Becher, Uhr und blankes Geld, Alles schlug er durch, der
Schütz, Manchen Beutel leert der Held, Stets gewann er neu, der
Schütz, Schenkt die Uhr der schönen Dirn' Recht zum Hohn dem bösen
Weib; In den Bechern klar und firn Perlt' der Wein zum Zeitvertreib.
Also trieb er's Tag und Nacht, Bis zu End' das große Fest Und die
bitt're Reu' erwacht, Weil er denkt ans Drachennest, Wo der böse Drach'
ihm haust, Der nur Gold und Silber frißt; Und dem guten Schützen
graust, Da er die Gefahr ermißt.
Blieb ihm noch ein Schuß zur Hand Und noch zehn Minuten Zeit Für den
Stich ins «Vaterland» Ach wie scheint die Scheibe weit! Hell vom
Tempel blinkt der Gruß Goldgefüllter Silberschal': Sie gewinn' ich, weil
ich muß, Denn es bleibt mir keine Wahl!
Vater Tell im Himmelszelt!
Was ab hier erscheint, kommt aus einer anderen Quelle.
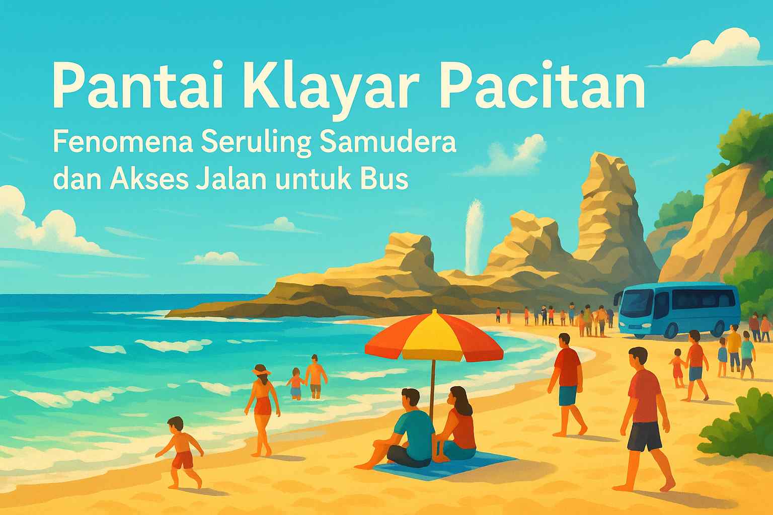 Pacitan memang surganya pantai-pantai cantik di Jawa Timur. Tapi kalau kamu pernah coba explore pantai-pantai di sana, pasti tahu rasanya deg-degan lihat jalanan sempit dan berkelok. Nah, Pantai Klayar ini satu di antara yang paling ikonik, tapi sekaligus bikin banyak traveler ragu: apakah bus bisa sampai sana? Dan yang paling ditunggu, tentu saja fenomena Seruling Samudera yang katanya bikin merinding.
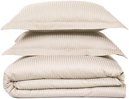 Feather Stitch 500 Thread 3 Pieces Duvet Cover Set 100% Cotton 1 Duvet Cover with 2 Pillow Shams, Ultra Soft and Easy Care Breathable Premium Hotel Quality (Beige, Full/Queen): Amazon.sg: Home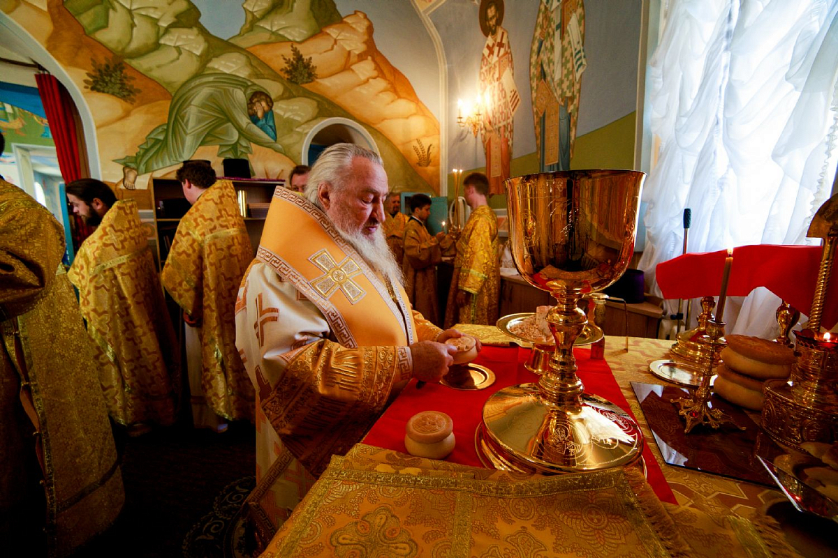 За Литургией Его Высокопреосвященству сослужили наместник Казанско-Богородицкого мужского монастыря г. Казани игумен Марк (Виленский), благочинный Елабужского округа Казанской епархии протоиерей Михаил Гречко, благочинный Закамского округа протоиерей Андрей Дубровин, благочинный Нижнекамского округа Чистопольской епархии протоиерей Александр Колчерин, настоятель Успенского храма города Казани протоиерей Алексий Краевский, настоятель Покровского собора г. Елабуги иерей Симеон Лепихин, настоятель храма Трех святителей с. Ижевка (Менделеевский район) иерей Владимир Тимофеев, священники Елабужского монастыря Илия Кривов, Даниил Кривов и Илия Павлов.

Bied'rer Schütz in Gottes Schoß! Lenk'
dein Falkenaug' zur Welt, Hilf mir, denn die Not ist groß! Mach' den
Willen fest und frei, Reglos sicher meine Hand! Sind die Zeiten denn
vorbei, Da man Meisterschüsse fand?
Und er schlägt bedächtlich an, Zielet lang, der gute Schütz; Was
verwirrt ihm Sinn und Plan? Setzt er ab, der gute Schütz? Und er starret
bleich und fremd, Starret sprachlos nach der Scheib' Denn im roten
Zeigerhemd Sah er gaukeln dort sein Weib.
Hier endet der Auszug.